## Task
This exercise calls for the records to be returned exactly, with images removed.

## Record set
────────
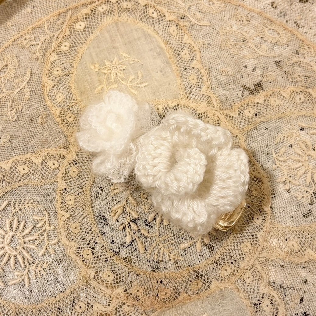 手編みで一から制作した繊細なデザインのヘアクリップ♡ ˖ ࣪⊹
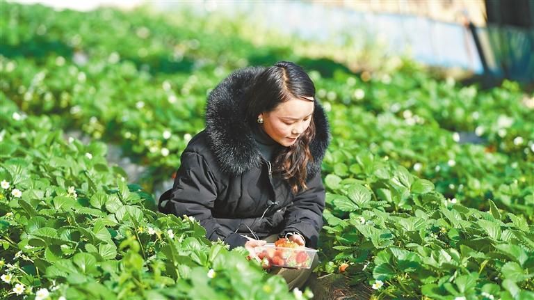 市民在采摘草莓。 记者 王静 益西曲珍 摄
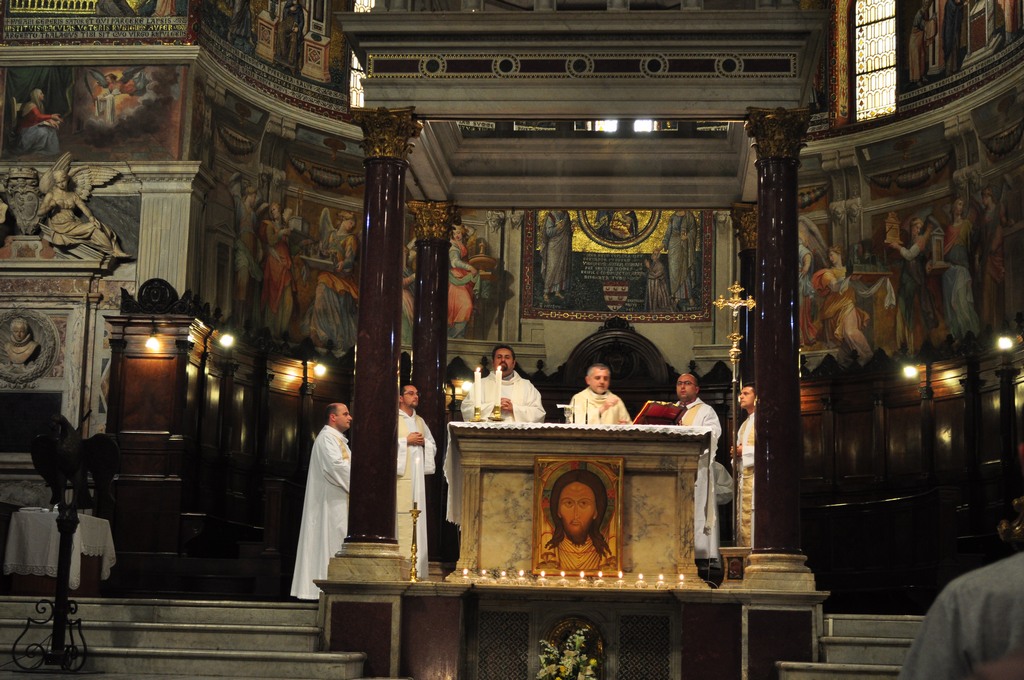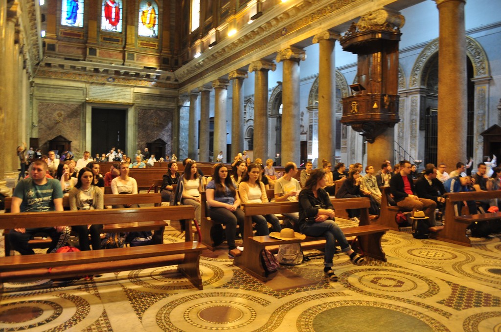 14. travnja započeo je teološki hod po Rimu sa sljedećim crkvama i teološkim naglascima: Chiesa Nuova (Filip Neri), Al Gesù (Ignacije Lojolski), sv. Andrija della Valle (Teatinci), crkva sv. Augustina (sv. Monika) i druge crkve. Prvi dan teološkoga hoda završen je zajedničkom misom koju je predvodio prodekan Grgo Grbešić u crkvi Santa Maria in Trastevere. Već prvoga dana studenti su mogli doživjeti Rim kao «locus theologicus», kao mjesto na kojemu su teološki mislili i živjeli toliki svetci i teolozi. Vodiči toga dana bili su vlč. Tomislav Lasić, student na poslijediplomskom studiju  liturgike i vlč. Ivan Benaković, student na poslijediplomskom studiju biblikuma.
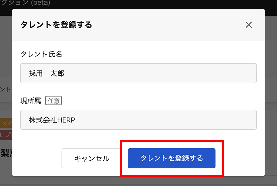 登録したいタレントの氏名と現所属(任意)を入力し、「タレントを登録する」をクリック
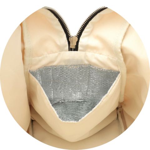 内側ドリンクポケット - 内側には哺乳瓶やペットボトルが入るポケットが付いています。暑い日に冷たいままお飲み物をしまっておけたり、適温でミルクを持参することが可能。ミルクを飲む赤ちゃんとお出かけするときにも活躍します。
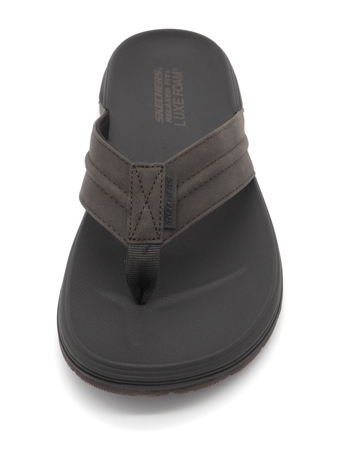 Relaxed Fit heren teenslipper Skechers Patino - Marlee heeft een bovenwerk van van glad kunstleer met stikseldetail. Het comfortabele voorgevormde Luxe Foam® voetbed geeft goede demping. Het Relaxed Fit®-ontwerp geeft een ruime, comfortabele pasvorm. Deze 3-punts teenslipper heeft een flexibele tractiebuitenzool met grip. Dit model is gemaakt van 100% veganistische materialen.
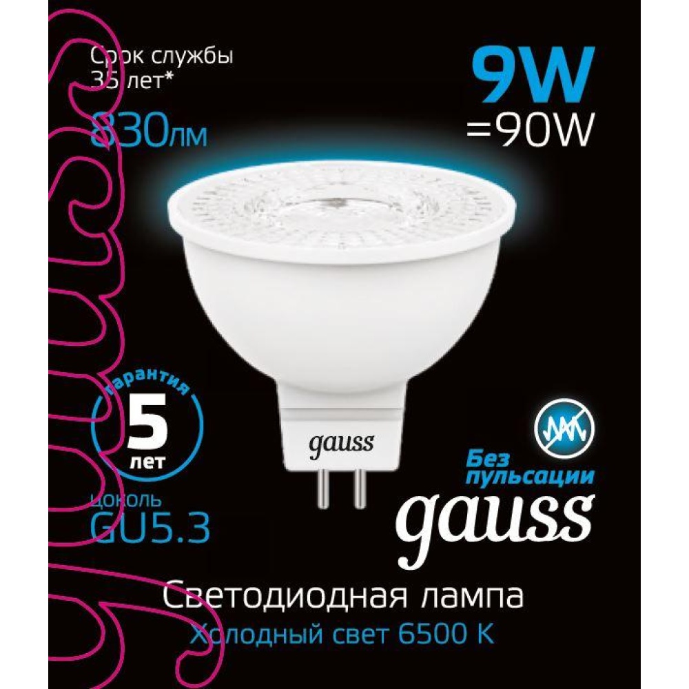 Лампа светодиодная Gauss GU5.3 9W 6500K матовая 101505309
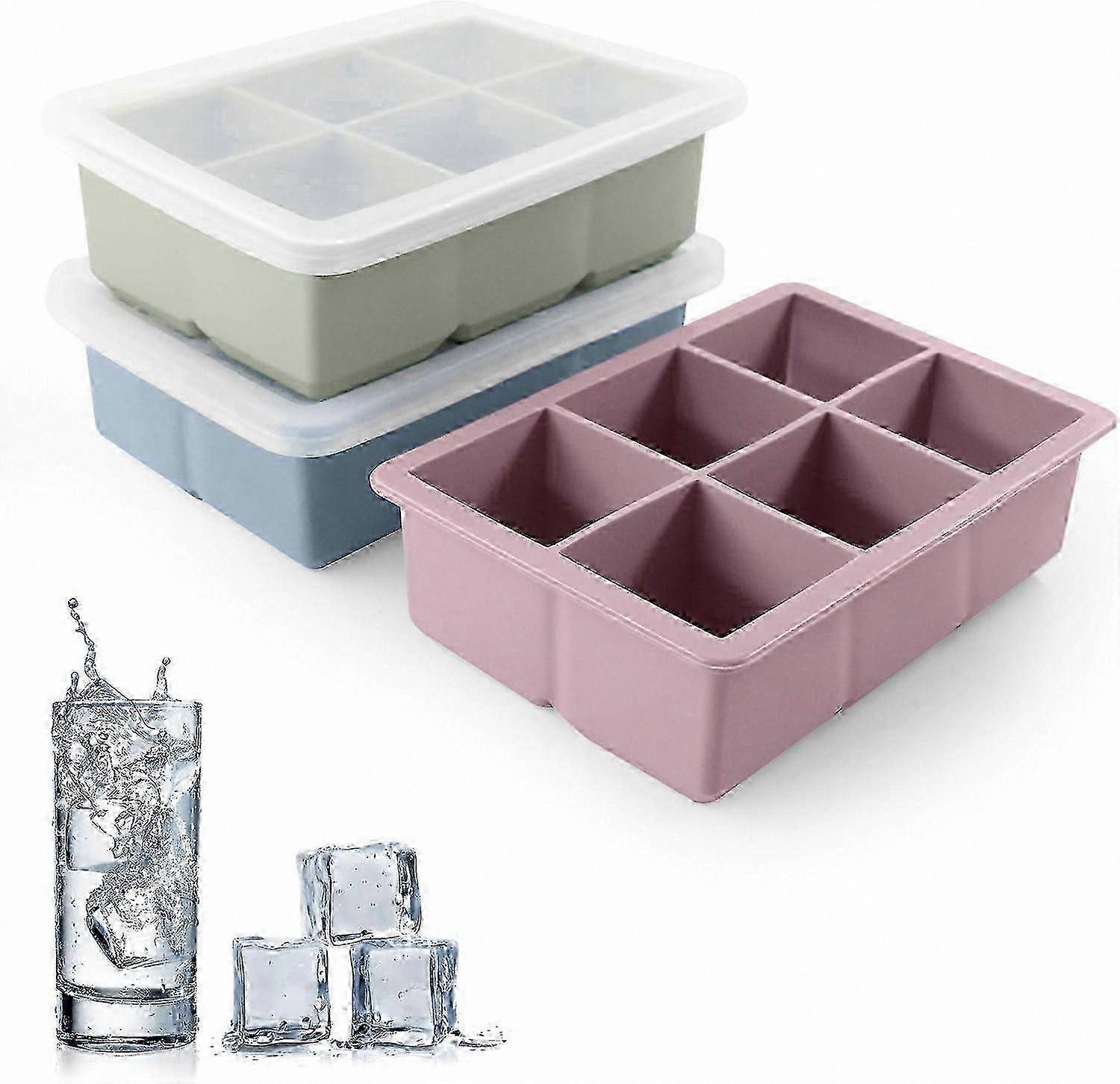 Large Silicone Ice Cube Trays 3-Pack, Square Mold with Leak-Proof Lid, BPA-Free for Cocktails
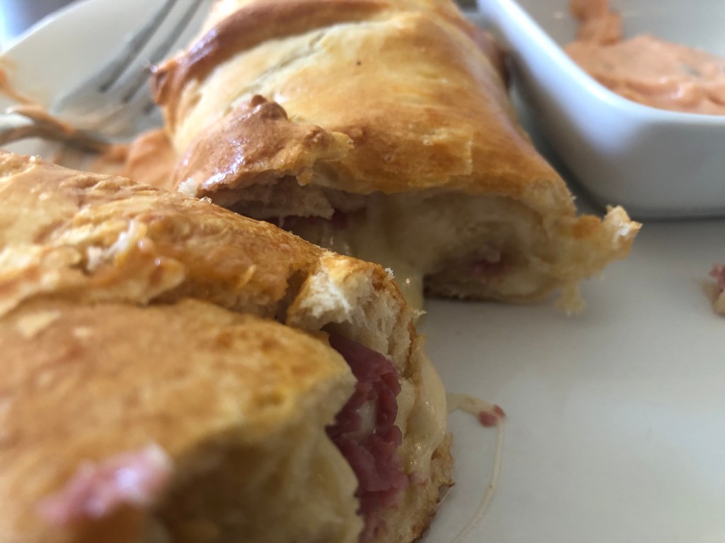 A few years ago I did a pizza roll which is the state dish of West Virginia. All the pizza ingredients all rolled up in pizza dough then baked to golden brown perfection. So I have put kimchi(which is my preferred sauerkraut, corned beef, Swiss cheese all rolled up in some crescent roll dough. I didn’t forget the thousand island dressing it’s on the side.
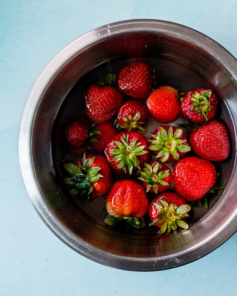 1단계: 딸기를 씻어줍니다.
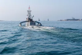 Seahawk, a Medium Unmanned Surface Vessel (MUSV) prototype, departs Naval Base Point Loma, California, Aug. 6, 2025. (U.S. Navy photo by Mass Communication Specialist 1st Class Robert Zahn)
────────
## Written answer
 手編みで一から制作した繊細なデザインのヘアクリップ♡ ˖ ࣪⊹
 市民在采摘草莓。 记者 王静 益西曲珍 摄
 14. travnja započeo je teološki hod po Rimu sa sljedećim crkvama i teološkim naglascima: Chiesa Nuova (Filip Neri), Al Gesù (Ignacije Lojolski), sv. Andrija della Valle (Teatinci), crkva sv. Augustina (sv. Monika) i druge crkve. Prvi dan teološkoga hoda završen je zajedničkom misom koju je predvodio prodekan Grgo Grbešić u crkvi Santa Maria in Trastevere. Već prvoga dana studenti su mogli doživjeti Rim kao «locus theologicus», kao mjesto na kojemu su teološki mislili i živjeli toliki svetci i teolozi. Vodiči toga dana bili su vlč. Tomislav Lasić, student na poslijediplomskom studiju  liturgike i vlč. Ivan Benaković, student na poslijediplomskom studiju biblikuma.
 登録したいタレントの氏名と現所属(任意)を入力し、「タレントを登録する」をクリック
 内側ドリンクポケット - 内側には哺乳瓶やペットボトルが入るポケットが付いています。暑い日に冷たいままお飲み物をしまっておけたり、適温でミルクを持参することが可能。ミルクを飲む赤ちゃんとお出かけするときにも活躍します。
 Relaxed Fit heren teenslipper Skechers Patino - Marlee heeft een bovenwerk van van glad kunstleer met stikseldetail. Het comfortabele voorgevormde Luxe Foam® voetbed geeft goede demping. Het Relaxed Fit®-ontwerp geeft een ruime, comfortabele pasvorm. Deze 3-punts teenslipper heeft een flexibele tractiebuitenzool met grip. Dit model is gemaakt van 100% veganistische materialen.
 Лампа светодиодная Gauss GU5.3 9W 6500K матовая 101505309
 Large Silicone Ice Cube Trays 3-Pack, Square Mold with Leak-Proof Lid, BPA-Free for Cocktails
 A few years ago I did a pizza roll which is the state dish of West Virginia. All the pizza ingredients all rolled up in pizza dough then baked to golden brown perfection. So I have put kimchi(which is my preferred sauerkraut, corned beef, Swiss cheese all rolled up in some crescent roll dough. I didn’t forget the thousand island dressing it’s on the side.
 1단계: 딸기를 씻어줍니다.
 Seahawk, a Medium Unmanned Surface Vessel (MUSV) prototype, departs Naval Base Point Loma, California, Aug. 6, 2025. (U.S. Navy photo by Mass Communication Specialist 1st Class Robert Zahn)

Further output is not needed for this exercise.